La Fraap a déposé lundi un préavis de grève illimitée à Te Fare Tauhiti Nui. Sans accord d’ici vendredi, le mouvement débutera le 30 juin, menaçant directement l’organisation du Heiva i Tahiti alors que la billetterie affiche déjà complet.
Alors que la billetterie du Heiva i Tahiti est prise d’assaut depuis des semaines et affiche complet pour la plupart des soirées, une menace plane désormais sur le plus grand événement culturel de Polynésie française. La Fraap (Fédération des représentants autonomes et indépendants de Polynésie) a déposé lundi un préavis de grève illimitée concernant l’ensemble des personnels de Te Fare Tauhiti Nui.
Cette situation paradoxale révèle toute l’ampleur de la crise : d’un côté, l’engouement du public pour le Heiva i Tahiti témoigne de l’attachement profond des Polynésiens à leur patrimoine culturel ; de l’autre, les conditions de travail des agents qui font vivre ce temple de la culture ma’ohi suscitent un conflit social majeur.
Les revendications portent sur quatre points essentiels : la création de 40 postes sur trois ans, la mise en place d’un système d’astreinte, une prime spécifique pour les conditions de travail atypiques, et une revalorisation salariale comprise entre 1 300 et 1 500 Fcfp. Sans accord d’ici vendredi, la grève débutera le 30 juin à 00h01, soit quelques jours seulement avant l’ouverture de cette édition du Heiva i Tahiti 2025 tant attendue.
Un timing critique pour la culture polynésienne
Cette échéance inquiète particulièrement les groupes de danse et de chant qui préparent leurs prestations depuis des mois. Le Heiva i Tahiti représente l’aboutissement d’une année de travail pour des centaines d’artistes venus de tous les archipels.
« C’est notre patrimoine culturel qui est en jeu. Le Heiva, c’est l’âme de notre peuple qui s’exprime. Nous avons travaillé toute l’année pour ce moment », confie Teiva, membre d’un groupe de ‘ori tahiti de Punaauia.
La mobilisation gouvernementale témoigne de l’urgence de la situation. Vendredi dernier, la ministre du Travail Vannina Crolas et le ministre de la Culture Ronny Teriipaia se sont rendus à la Maison de la culture pour tenter de convaincre les agents de ne pas rejoindre le mouvement.

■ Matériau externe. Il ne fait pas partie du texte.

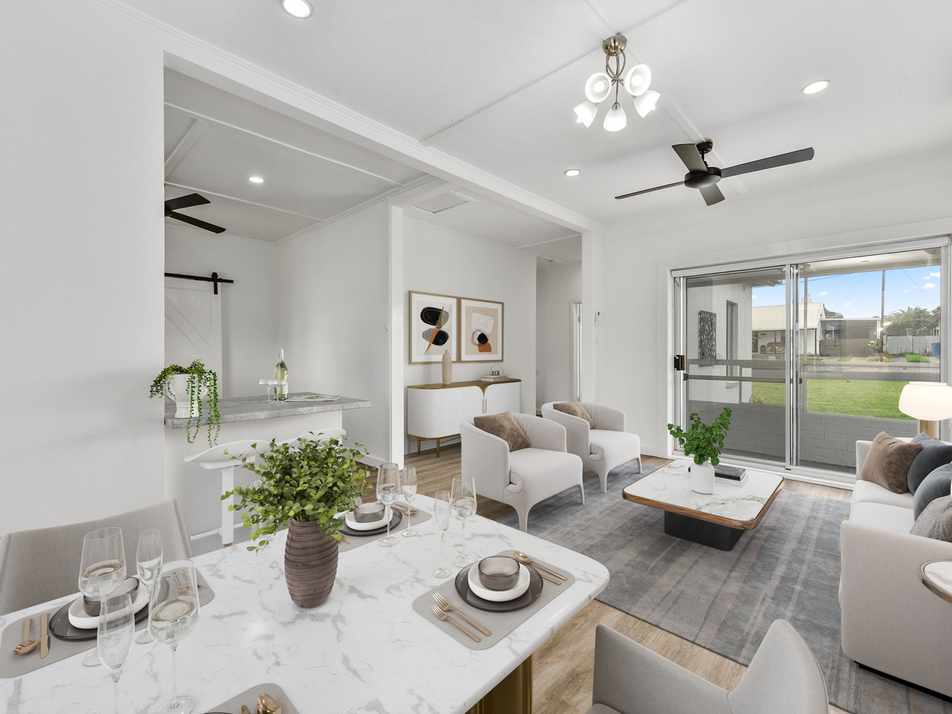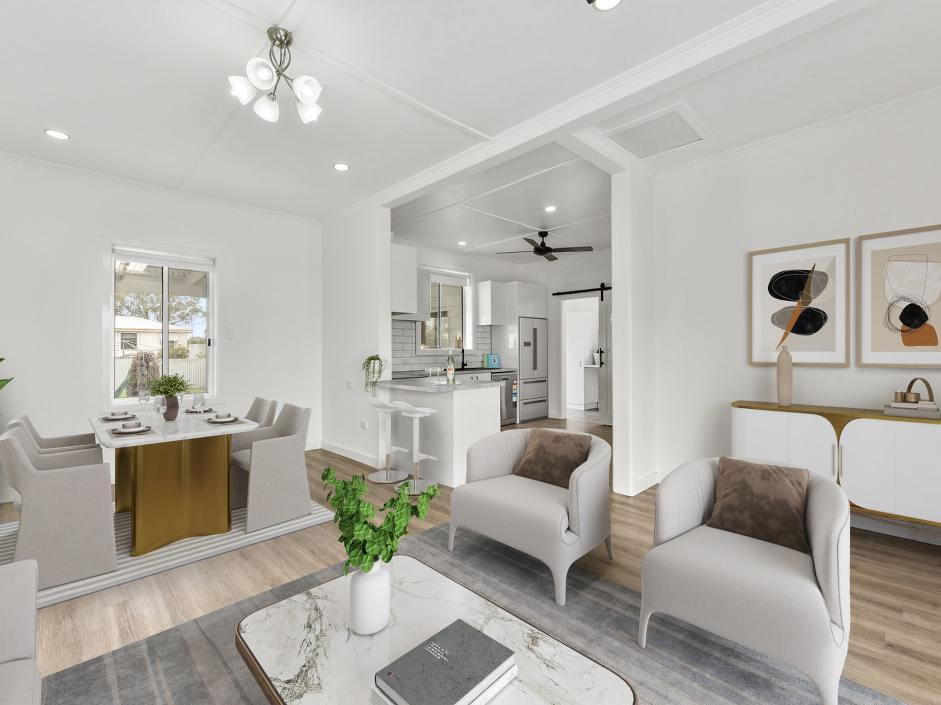 • Open plan kitchen/dine/living with split system heating/cooling

Les revendications en détail
Les agents de Te Fare Tauhiti Nui dénoncent des conditions de travail dégradées et réclament des améliorations concrètes :
- Création de 40 postes sur trois ans pour faire face à la charge de travail croissante
- Système d’astreinte adapté aux spécificités du secteur culturel
- Prime pour conditions atypiques reconnaissant la pénibilité des horaires décalés
- Revalorisation salariale de 1 300 à 1 500 Fcfp selon les catégories
Un conflit qui dépasse la Maison de la culture
Ce préavis s’inscrit dans un contexte social tendu. La Fraap prépare un retour à la grève générale dès la semaine prochaine, pour une durée « illimitée ». Les principales revendications restent les mêmes qu’en décembre dernier, centrées sur la revalorisation des catégories D de la fonction publique territoriale.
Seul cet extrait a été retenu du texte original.